Thai prices reach B41,350 as investors seek safe-haven assets

(Photo: Reuters)
(Photo: Reuters)

Gold prices climbed to a fresh record on Friday as demand for the safe-haven asset was spurred by simmering Middle East tensions.

Bullion broke the $2,400-an-ounce mark for the first time on Friday morning, climbing as much as 1.2% to $2,400.67. Thai selling prices reached 41,350 baht per baht-weight (15.2 grammes), according to the Thai Gold Traders Association.

The United States and its allies believe a major missile attack by Iran or its proxies is imminent in retaliation for an Israeli strike on the Iranian embassy compound in Syria.

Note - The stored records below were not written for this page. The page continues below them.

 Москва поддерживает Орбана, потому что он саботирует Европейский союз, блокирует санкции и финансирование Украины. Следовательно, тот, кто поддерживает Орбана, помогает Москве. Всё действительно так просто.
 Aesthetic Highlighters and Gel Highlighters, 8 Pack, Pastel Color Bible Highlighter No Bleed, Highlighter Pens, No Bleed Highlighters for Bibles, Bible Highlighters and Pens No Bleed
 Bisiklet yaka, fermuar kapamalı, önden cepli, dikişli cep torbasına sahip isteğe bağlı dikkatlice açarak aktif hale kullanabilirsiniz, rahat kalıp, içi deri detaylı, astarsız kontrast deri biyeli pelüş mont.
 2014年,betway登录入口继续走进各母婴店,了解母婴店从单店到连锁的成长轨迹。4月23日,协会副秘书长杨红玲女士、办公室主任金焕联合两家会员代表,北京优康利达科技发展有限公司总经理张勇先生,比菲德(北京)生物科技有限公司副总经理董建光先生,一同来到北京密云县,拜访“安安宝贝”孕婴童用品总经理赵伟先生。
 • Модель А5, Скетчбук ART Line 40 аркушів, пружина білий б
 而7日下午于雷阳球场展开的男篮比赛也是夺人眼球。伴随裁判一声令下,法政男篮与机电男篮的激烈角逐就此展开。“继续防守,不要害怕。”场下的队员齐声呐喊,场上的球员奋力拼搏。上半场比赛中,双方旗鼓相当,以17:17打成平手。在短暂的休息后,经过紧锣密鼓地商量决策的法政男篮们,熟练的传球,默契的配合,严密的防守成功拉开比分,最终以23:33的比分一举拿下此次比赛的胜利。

“Gold prices are up again, as more investors view it as a better hedge against geopolitical risk than government bonds due to US inflation concerns,” Mohamed El-Erian, the president of Queens College in Cambridge and a Bloomberg Opinion columnist, wrote in a post on X.

The precious metal has powered higher this year, dragging silver along with it, as central banks including China’s stepped up gold purchases. In addition, traders have also been assessing the scope for interest-rate cuts from the US Federal Reserve over 2024, though still-strong US inflation has muddied that outlook.

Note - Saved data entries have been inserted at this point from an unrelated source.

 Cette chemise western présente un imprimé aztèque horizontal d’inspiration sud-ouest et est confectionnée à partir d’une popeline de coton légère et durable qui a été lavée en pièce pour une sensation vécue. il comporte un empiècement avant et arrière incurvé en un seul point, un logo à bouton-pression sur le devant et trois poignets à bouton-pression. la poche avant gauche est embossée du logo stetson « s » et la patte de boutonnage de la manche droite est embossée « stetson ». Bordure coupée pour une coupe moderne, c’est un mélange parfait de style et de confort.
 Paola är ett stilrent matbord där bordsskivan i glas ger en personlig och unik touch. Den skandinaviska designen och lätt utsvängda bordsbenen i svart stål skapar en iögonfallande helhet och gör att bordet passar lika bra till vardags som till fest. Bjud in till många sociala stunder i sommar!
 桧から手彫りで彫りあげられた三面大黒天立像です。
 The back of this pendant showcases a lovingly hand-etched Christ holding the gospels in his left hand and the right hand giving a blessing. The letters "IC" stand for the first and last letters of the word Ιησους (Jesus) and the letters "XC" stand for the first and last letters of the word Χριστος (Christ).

Spot gold was 0.9% higher at $2,393.73 an ounce in London, with the metal on track for a fourth weekly advance, the longest such run since early 2023.

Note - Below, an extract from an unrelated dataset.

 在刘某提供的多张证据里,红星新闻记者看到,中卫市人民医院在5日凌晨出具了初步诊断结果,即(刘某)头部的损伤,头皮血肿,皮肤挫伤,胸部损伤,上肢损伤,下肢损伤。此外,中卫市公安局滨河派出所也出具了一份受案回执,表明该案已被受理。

Platinum and palladium also advanced, even as the Bloomberg Dollar Spot Index traded near the highest level since November. A stronger US currency is typically a headwind for commodities priced in the greenback as it can reduce interest from overseas buyers.

“Geopolitical risk is the fulcrum here,” said Rhona O’Connell, head of market analysis at StoneX Financial. In a year with more than 50 local and national elections, ongoing tensions in the Middle East add “further fuel to the fire”, she said.